Handling Input and Output Products

This section describes the handling of products on their way into prosEO, during processing and on the way back out.

Product Ingestion

Product ingestion is the process of adding new product data from the outside to the prosEO backend storage. Types of products to ingest include, but are not limited to low-level input data (e. g. L0 data or even satellite raw data), auxiliary data or non-plannable additional output products from data processors (e. g. data which is created in unknown or varying numbers). The product ingestion process is started by an "external" client including prosEO's own Command Line Interface (CLI) or some processor wrappers. For ingestion a JSON-formatted metadata file is to be prepared, which holds all the metadata to be stored in the prosEO database alongside the product itself. The JSON structure contains an array of objects, each with the following fields (only most relevant listed):

  • id: The product database ID (only if an existing product is to be updated),
  • uuid: A product UUID, if keeping an externally defined UUID is essential (not recommended, as it prevents the same product being ingested into different missions),
  • missionCode: The code of the mission to ingest the products into,
  • productClass: Product type of the Product class this products instantiates,
  • fileClass: File class from the set defined for the enclosing mission (optional),
  • mode: Processing mode from the set defined for the enclosing mission (mainly if the product is generated by this mission),
  • productQuality: Indicator for the suitability of this product for general use (NOMINAL, EXPERIMENTAL, TEST; optional, default NOMINAL),
  • sensingStartTime/sensingStopTime: Sensing start and stop times in orbit format (YYYY-MM-DDThh:mm:ss.SSSSSS),
  • generationTime: Product generation time in orbit format (YYYY-MM-DDThh:mm:ss.SSSSSS),
  • productionType: Type of production process generating this product (SYSTEMATIC, ON_DEMAND_DEFAULT, ON_DEMAND_NON_DEFAULT)
  • orbit: Orbit relationship of this product, if any, consisting of:
    • spacecraftCode: The code of the spacecraft,
    • orbitNumber: The number of the orbit as stored in the metadata database (orbit data must exist)
  • parameters: A collection of mission-specific parameters for this product, each consisting of:
    • key: The parameter name,
    • parameterType: The type of the parameter (one of STRING, INTEGER, BOOLEAN, DOUBLE, INSTANT),
    • paramterValue: The value to set,
  • sourceStorageType: The type of storage to ingest the data from (either POSIX [most used] or S3),
  • mountPoint: The S3/POSIX mount point of the storage system to ingest from (as configured in the Storage Manager),
  • filePath: The S3/POSIX path to the product files (relative to mountPoint),
  • productFileName; File name of the main product file,
  • auxFileNames: Array of names for auxiliary files being part of the product,
  • fileSize: The size of the primary product file in bytes,
  • checksum: Checksum value for the primary product file (computed by MD5 algorithm; case-sensitive),
  • checksumTime: Checksum generation time in orbit format (YYYY-MM-DDThh:mm:ss.SSSSSS).
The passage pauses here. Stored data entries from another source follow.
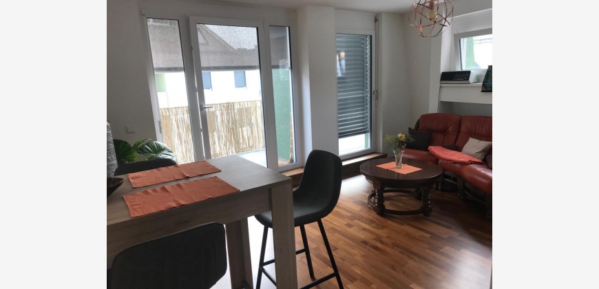Diese neuwertige helle 2 Zimmerwohnung liegt im 22. Bezirk, unweit von der U2 Station Hardeggasse (3 Gehminuten), dem Donauzentrum, der Donauinsel, der alten Donau und der Lobau, die sich ausgezeichnet für die Freizeitgestaltung eignen. Die Wohnung besteht aus einem geräumigen Vorraum, Schlafzimmer, Bad mit Dusche + WC + Waschmaschinenanschluss, Wohnzimmer/Küche mit großzügigen Belichtungsflächen und das Highlight der Wohnung ist die 30m² große sonnige Terrasse! Sie liegt im 3. Liftstock, ist rollstuhlgängig und alle Wohnräume sind mit Parkettboden und Fußbodenheizung ausgestattet. Weiters verfügt die Wohnung über eine hochwertige Einbauküche und kann auf Wunsch voll - oder teilmöbliert (siehe Fotos) übergeben werden.
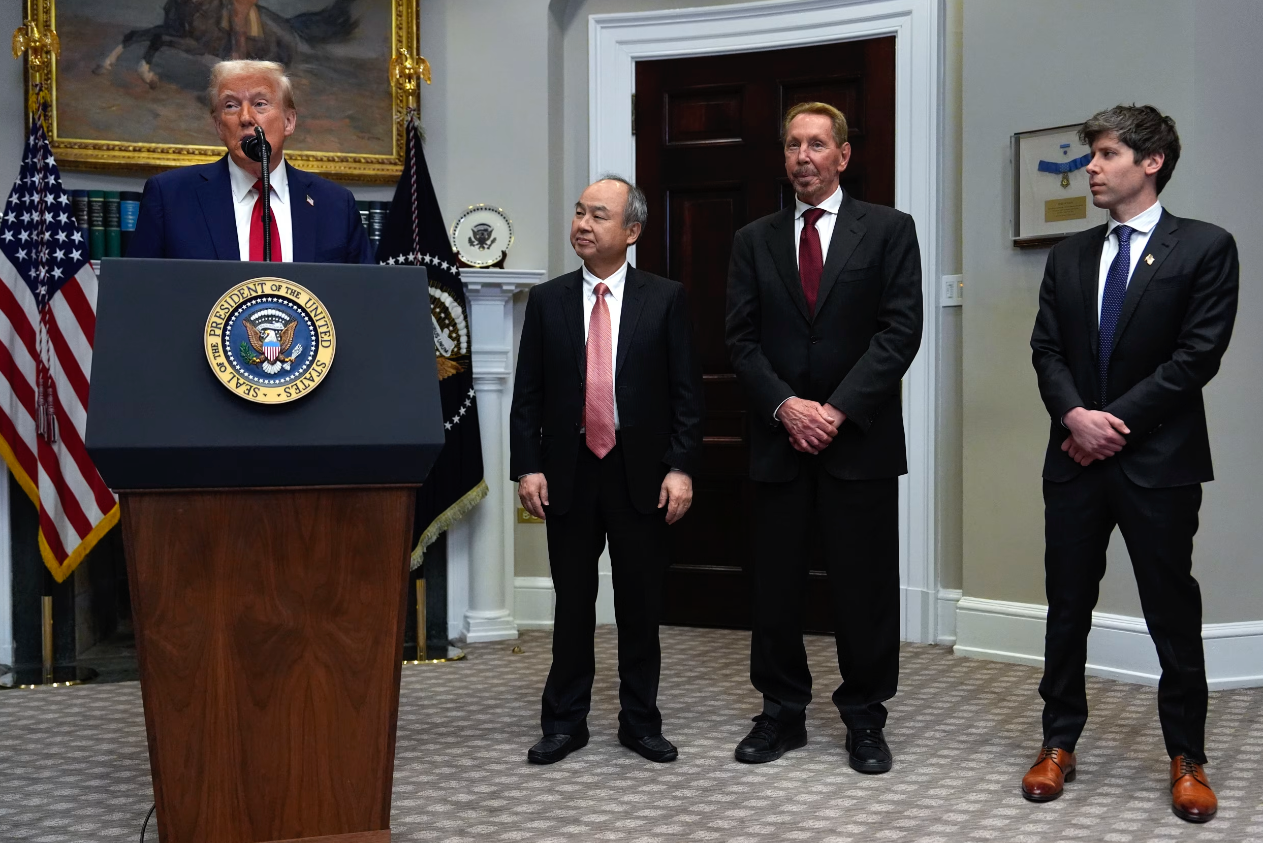 今年1月,就在黄仁勋即将结束在亚洲的庆祝春节之旅时,软银CEO孙正义(Masayoshi Son)与奥特曼一道在白宫宣布了史上最大规模的AI基础设施项目“星际之门”。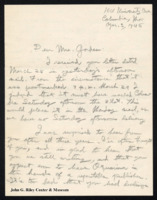 Letter from James W. Schwabe to Thelma Gorham. Schwabe indicated surprise at her writing to him. Offers his services to illustrate her works. Covers his recent employment history. April 3, 1945 -
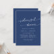 Este convite de janto de ensaio de casamento azul real e boho é perfeito para uma noite minimalista antes do ensaio de casamento. O ousado design boêmico azul escuro e moderno apresenta uma caligrafia rústica simples com um estilo único, mas clássico.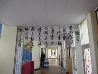 「生徒ホールがすごいことになっていますよ!」と事務室の職員の方から話を聞き、行ってみると空間アートの世界に一変していました。1年生の美術選択者の皆さんがそれぞれ各チームに分かれ、作品を仕上げている途中でした。また、書道選択者による切り取られた紙文字の飾りもあり、目を引きました。これらが「インスタレーション」というものかと感嘆しました。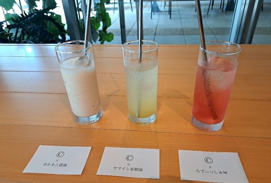 マッチング会に初参加した村松農園は「ドライのトウモロコシは使い方を明確にできないまま作ったが、おいしくしていただいた。ペーストは思いつきもしなかった。勉強になりました」、ヤマイシ果樹園は「名前もかわいいが、この暑い中で働いて、外で作業してるときに飲みたい一杯」と語りました。提供は8月1日~31日。

A simple metadata file as used in the prosEO sample test data might look like this:

[
    {
        "missionCode": "PTM",
        "productClass": "L0________",
        "fileClass": "OPER",
        "mode": "OPER",
        "productQuality": "TEST",
        "sensingStartTime": "2019-11-04T09:00:00.000000",
        "sensingStopTime": "2019-11-04T09:45:00.000000",
        "generationTime": "2019-11-04T12:00:00.000000",
        "parameters": [
            {
                "key": "revision",
                "parameterType": "INTEGER",
                "parameterValue": "1"
            }
        ],
        "sourceStorageType": "S3",
        "mountPoint": "s3://proseo-val-main",
        "filePath": "integration-test/testdata",
        "productFileName": "PTM_L0_20191104090000_20191104094500_20191104120000.RAW",
        "auxFileNames": [],
    	"fileSize": 84,
    	"checksum": "50545d8ad8486dd9297014cf2e769f71",
    	"checksumTime": "2019-11-04T12:00:10.000000"
    }
]

The diagram below shows the sequence of events during an ingestion process:

Product Ingestion

The process steps (excluding responses) are:

  • 1: Send the ingestion request to the prosEO Ingestor component with a body as shown above to
    POST https://<proseEO brain host>:<Ingestor port>/proseo/ingestor/v1/ingest/<processing facility name>
    
  • 1.1: Ingestor prepares the product metadata,
  • 1.3: Ingestor instructs the Storage Manager to copy the products from the input file path to the file cache and then to the backend storage,
  • 1.5: Ingestor updates the product metadata with the actual paths to the product files in the backend storage,
  • 1.7: Ingestor returns the metadata of the ingested products with addition of the product files created during the process.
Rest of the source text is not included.